• AIM OF THE EXERCISE: Restate every line of the data word for word, except for the images.

• DATASET CONTENT:

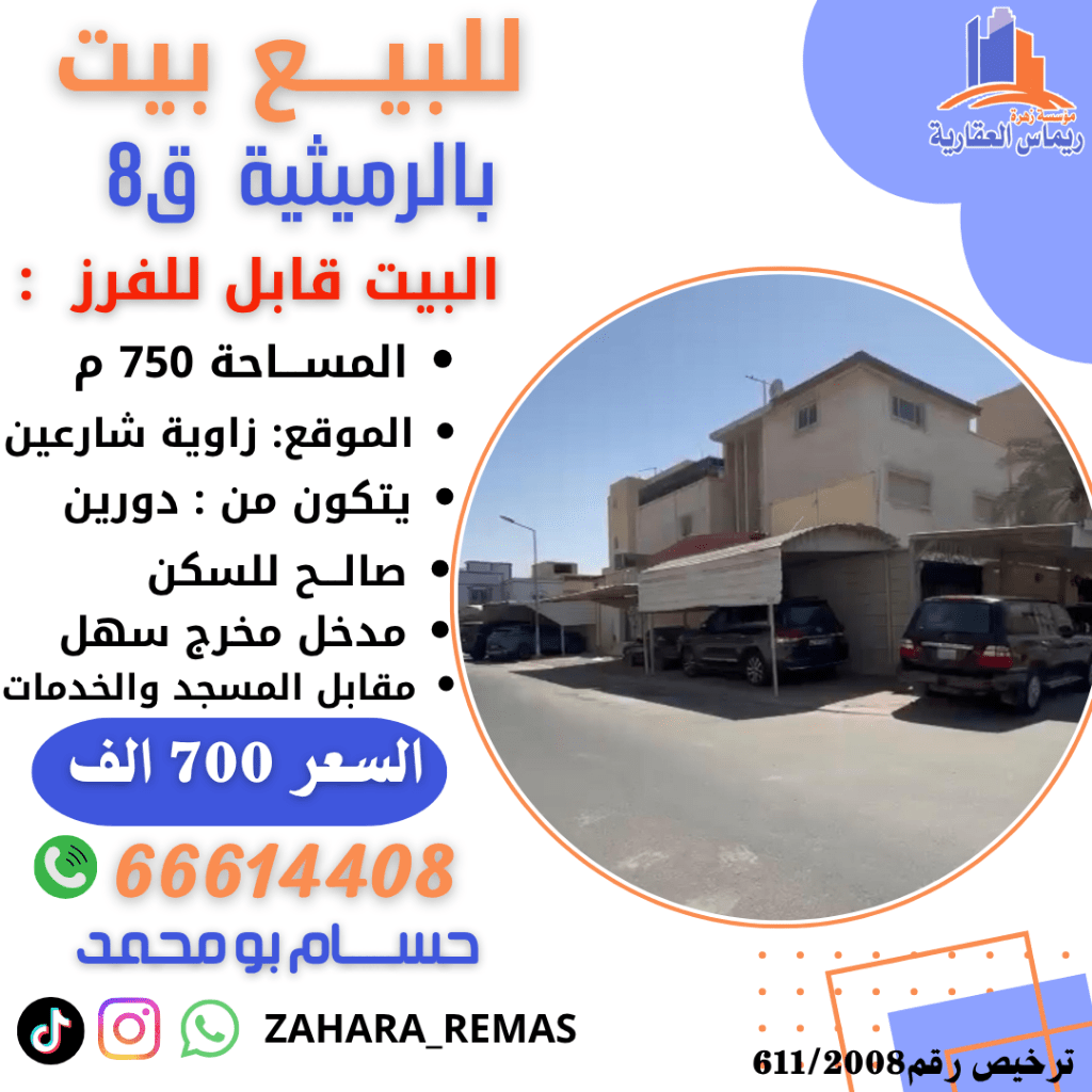 For sale, a villa in Al-Rumaithiya with an area of 750 square meters. The location is at the corner of two streets before the sorting area. The house consists of two floors and is suitable for living. It is close to the cooperative society branch and the mosque. The price is 700,000.
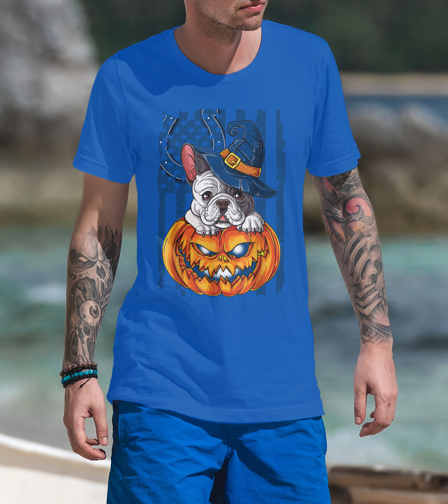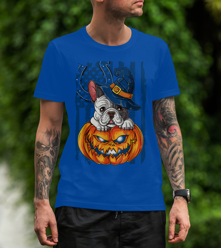 The Hlw Bulldog Witch Hat Pumpkin Indianapolis Colts T-shirt is designed for everyday wear and a consistent fit. Fabric is pre-shrunk ring-spun cotton with durable stitching. See the size chart below for exact measurements.
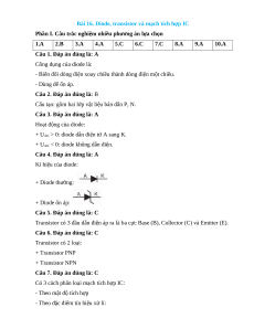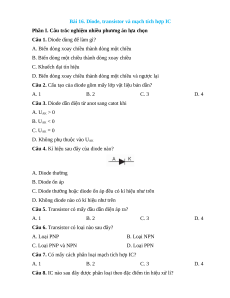 Câu 3. Diode dẫn điện từ anot sang catot khi A. UAK > 0 B. UAK < 0 C. UAK = 0
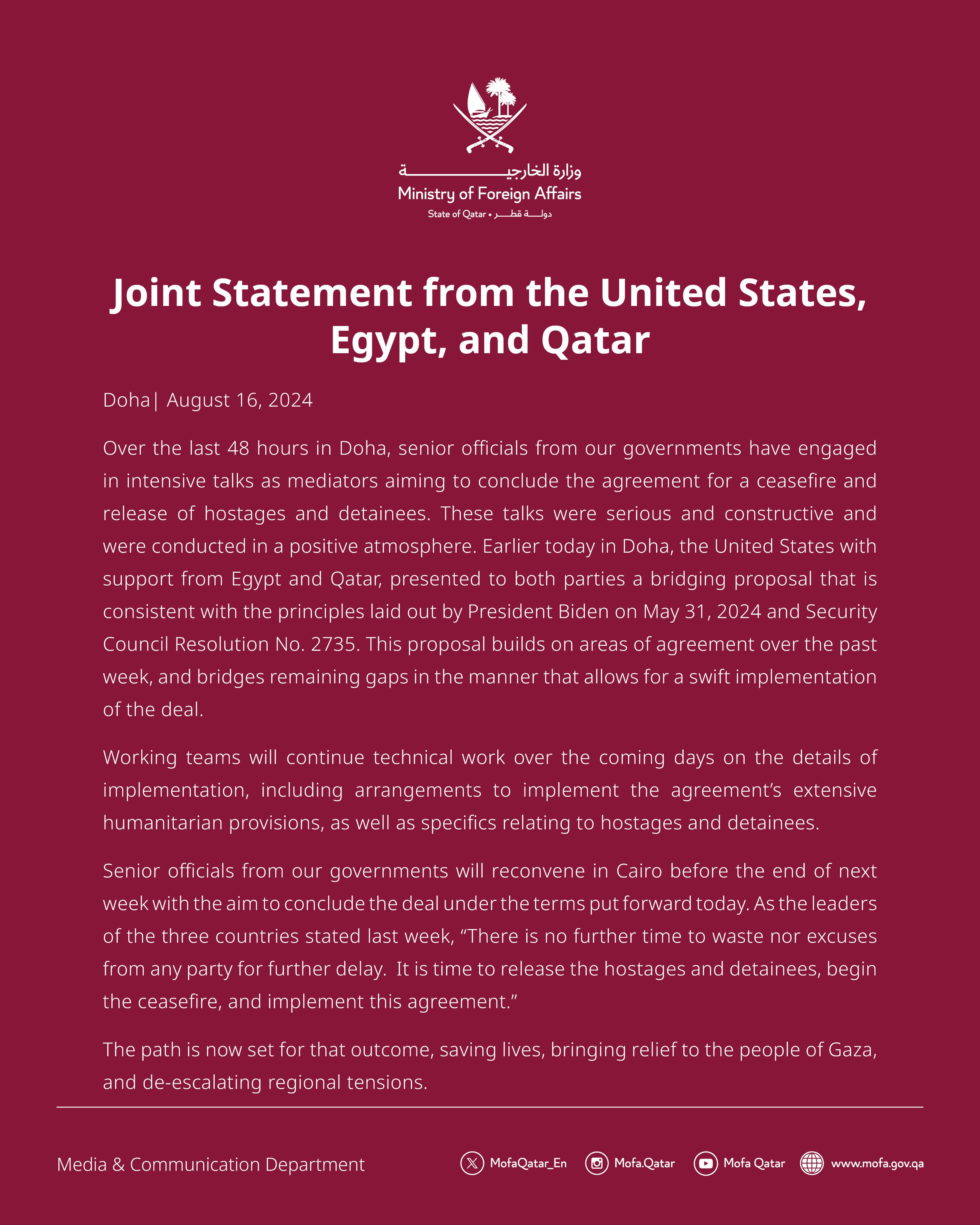 Переговоры в Дохе о прекращении огня в секторе Газа прошли в конструктивной и позитивной атмосфере. Стороны решили провести встречу в Каире до конца следующей недели. Об этом говорится в совместном заявлении Египта, Катара и США, обнародованном МИД Катара.

• ANSWER SECTION:
 For sale, a villa in Al-Rumaithiya with an area of 750 square meters. The location is at the corner of two streets before the sorting area. The house consists of two floors and is suitable for living. It is close to the cooperative society branch and the mosque. The price is 700,000.
 The Hlw Bulldog Witch Hat Pumpkin Indianapolis Colts T-shirt is designed for everyday wear and a consistent fit. Fabric is pre-shrunk ring-spun cotton with durable stitching. See the size chart below for exact measurements.
 Câu 3. Diode dẫn điện từ anot sang catot khi A. UAK > 0 B. UAK < 0 C. UAK = 0
 Переговоры в Дохе о прекращении огня в секторе Газа прошли в конструктивной и позитивной атмосфере. Стороны решили провести встречу в Каире до конца следующей недели. Об этом говорится в совместном заявлении Египта, Катара и США, обнародованном МИД Катара.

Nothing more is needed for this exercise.